Determining the Optimal MOI, Lysis Time, Post Lysis Growth Rate and Life Cycle of Novel Gordonia rubripertincta Phages
Bianca A Gonzalez, Harani Athwale, Joshua Dinh, Nathalia Gonzalez, Rithvik Jarugula, Jarugula Oliver Bozek, Jose C Padron, Dani Sheil, Julia St. Clair, Mitchell Thenor, Robert P Smith, Julie Torruellas Garcia

With the rise of antibiotic resistance, new treatments for bacterial infections are needed. Phage therapy is a promising alternative treatment that requires thorough characterization of phages for development.

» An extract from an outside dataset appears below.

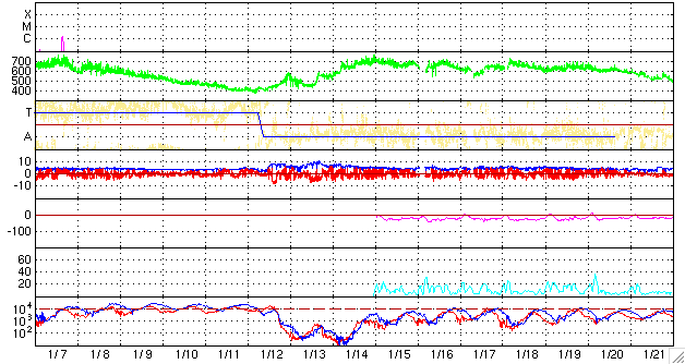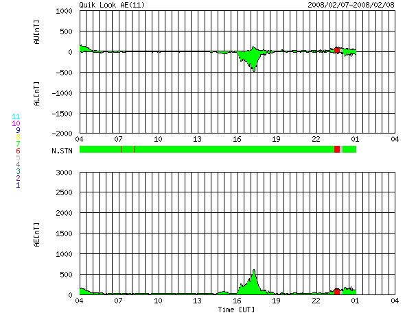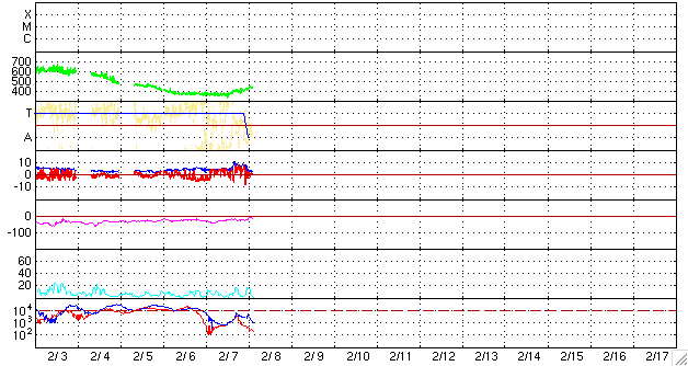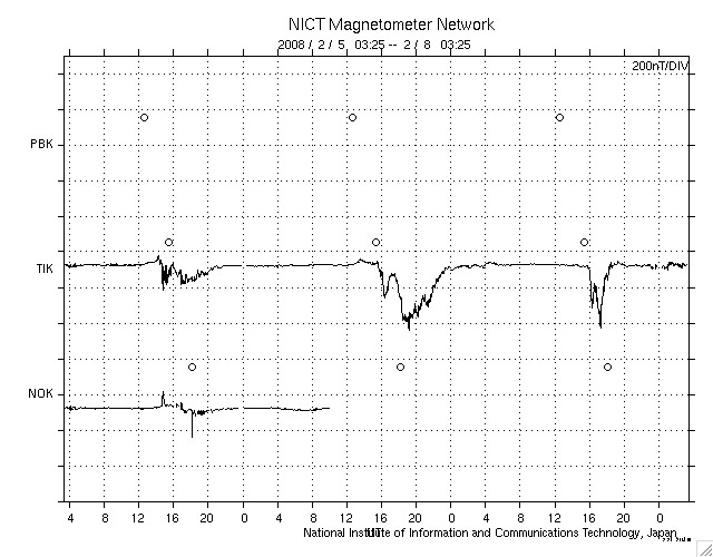 ACEが観測した太陽風の磁場(1番上の枠、白線は全体の強度、赤線は南北成分) および、太陽風の密度(3番目の橙線)、速度(4番目の黄線) (c) NOAA/SWPC ![]() リアルタイムAE指数 下段のAEグラフの値が高くなると、オーロラ活動が活発化しています。 (c) 京都大学, NICT ![]() シベリアで観測された3日間の磁場データ 右側の3分の1が、昨日のデータになります。グラフが上がったり下がったりすると、オーロラ活動が活発化しています。 (c) NICT ![]() 27日の太陽周期に合わせたデータプロット 太陽が同じ面を地球に向けていた27日前の変化から、今後を予想することができます。 (c) NICT

As part of the SEA PHAGES program at NSU, four novel Gordonia rubripertincta phages were isolated and annotated from 2021-2023: Alyssamiracle, Fribs8, Genamy16, and NovaSharks. Fribs8 is in cluster CT, which has been determined to have a lytic life cycle, while the other three phages are in cluster DV, which has an unknown life cycle. The goal of this research was to further characterize these phages by determining their optimal multiplicity of infection (MOI), lysis time, post lysis growth rate and life cycle. G. rubripertincta was grown in combination with each phage at MOIs of ~ 0.1, 1, 10 and 100 in triplicate. The absorbance at OD600 was measured every 10 min for 48 h using a Victor X4 (Perkin Elmer) 96-well microplate reader. Results showed that the optimal MOI was 100 for Fribs8, Genamy16 and NovaSharks, and 10 for Alyssamiracle, with lysis times of 5.7 h, 7 h, 7.5 h and 5.4 h, respectively. Interestingly, bacterial growth was seen after lysis. The growth rate after lysis was determined and showed that the higher the MOI, the higher the growth rate, suggesting a faster recovery possibly due to lysogens or resistant bacteria emerging. To determine whether the phages had a lytic or temperate life cycle, A spot titer was performed and potential lysogens were collected and purified from the mesa of the 10^0 spot. A phage release assay was performed on four purified colonies from each sample to determine if any lysogenic phage were present. The three cluster DV phages tested negative in the phage release assay, indicating a lytic life cycle while, unexpectedly, the cluster CT phage demonstrated phage release in 1 of the 4 samples tested. These results suggest that the post lysis growth are most likely due to resistant bacteria emerging and not lysogens. Together, these results contribute to the larger understanding of Gordonia phages and may aid in the development of effective phage therapy for antibiotic resistant G. rubripertincta infections in the future.